Ratio checks validate proportions of rows matching a condition.

Check | Description
----- | ----------
`null_ratio_below` | Ensures null ratio is below threshold
`null_ratio_between` | Ensures null ratio is within range
`positive_ratio_between` | Ensures positive value ratio within range
`negative_ratio_between` | Ensures negative value ratio within range
`value_ratio_between` | Ensures specific value ratio within range

**Null handling:**
- null_ratio_* explicitly evaluates nulls
- others use total row count as denominator

Example

``` yaml
columns:
- name: email
data_tests:
- dbt_checks.null_ratio_below:
arguments:
threshold: 0.05
```
# Supported Warehouses

`dbt-checks` is designed to work across common dbt adapters:

- Snowflake
- BigQuery
- Databricks
- Spark
- Redshift
- Postgres

Adapter-specific behavior is handled through dbt's `dispatch` mechanism.
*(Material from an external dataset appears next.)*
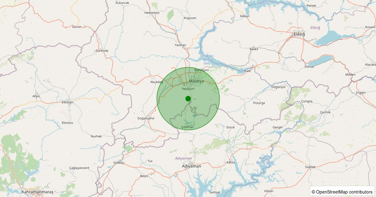 Son 7 gün içinde Yeşilyurt - Kadiruşağı noktasından 100 km yarıçap içerisinde meydana gelen diğer depremler:
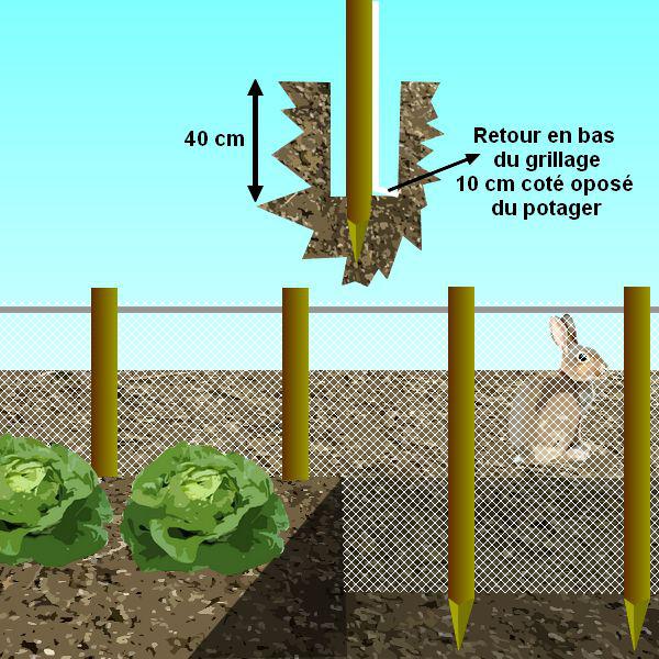Pour éviter que le lapin ne passe par dessous il faut creuser une tranchée de 40 cm minimum de profondeur.

**Tested on DuckDB in CI.**

**Aditional adapters are supported through dbt dispatch (best-efort compatibility).**

# Why dbt-checks?

Many dbt projects repeatedly implement the same validation logic.

`dbt-checks` provides:

- reusable checks
- simple configuration
- scoped checks with optional `where` filters
- standardized failure outputs
- CI-friendly debugging context
- predictable null handling
- consistent validation patterns
- cross-warehouse compatibility
- reusable internal helper architecture
- consistent SQL generation across checks
- centralized casting, predicates, ratios, and filtering logic

# Internal Architecture

`dbt-checks` uses reusable internal helper macros to standardize SQL generation across all checks.

Internal helpers include:

- casting helpers
- reusable predicates
- ratio utilities
- filter application helpers
- date utilities
- validation helpers

This improves:
- maintainability
- adapter compatibility
- consistency
- future extensibility

# Contributing

Contributions are welcome.

To add a new check:

1. Implement it in `macros/tests`
2. Reuse helper macros when possible
3. Add documentation
4. Add integration tests (including null behavior)

# License

This project is licensed under the MIT License — see the [LICENSE](LICENSE) file for details.